For a Christmas present to myself 3 years ago, I booked a three hour swimming boot camp, in an indoor pool where you are filmed from every angle.  I was the only woman, with two triathletes and one man who was worse than me.  The instructor said, we’ll film you doing six lengths, just keep going.  I couldn’t even do one length. At the post swim one-to-one via Skype a week later, I realised, from watching myself on film, that my legs had been working far too hard and where they should have been straight they were bending at the knees.  And that wasn’t the only problem.  I watched that film a dozen and more times, made notes, made the changes necessary, had one lesson at the Lido, I was improving, slowly.  But that wasn’t good enough, I wanted to learn bilateral breathing – that is breathing on both sides.  In our friends’ pool in the south of France, I took a swimming book and read and swam, read and swam, ingested a great deal of water while trying to breathe on both sides, and I did it.  I also taught myself to do tumble turns, not very well, but I can do them.  Sort of.

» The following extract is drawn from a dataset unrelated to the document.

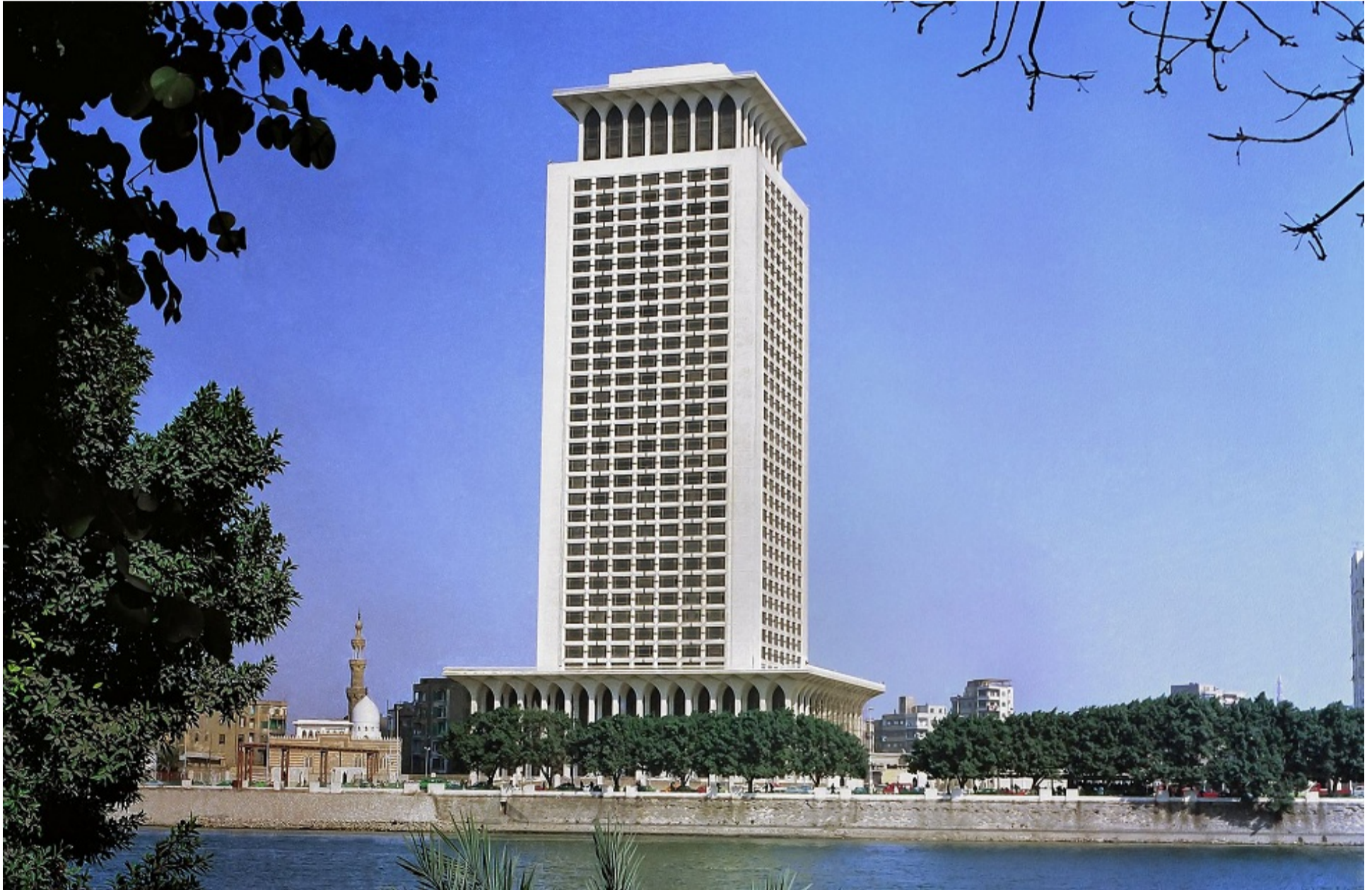
وزارة الخارجية المصرية

Back in the Lido my freestyle started to improve even more.  I could do a length of freestyle and a length of breaststroke and so it went on.  Until something changed. Whether the gym work to increase my upper body strength or the pilates for my core or yoga for flexibility, or running since April, I remember a day, last year, when I swam freestyle and kept going as if my mermaid tail had fully formed.

Today was just like that.  Cold to start, but once in, warm, deliciously warm, warmer in the water than out and I could have kept on swimming.  I focused on a line in the floor of the pool then crashed into someone (sorry) because I was concentrating so much and was swimming the wrong way.  I didn’t stop once (apart from the crash), I was happy and proud and then I realised that in May, the water temperature will probably be exactly the same as it was today.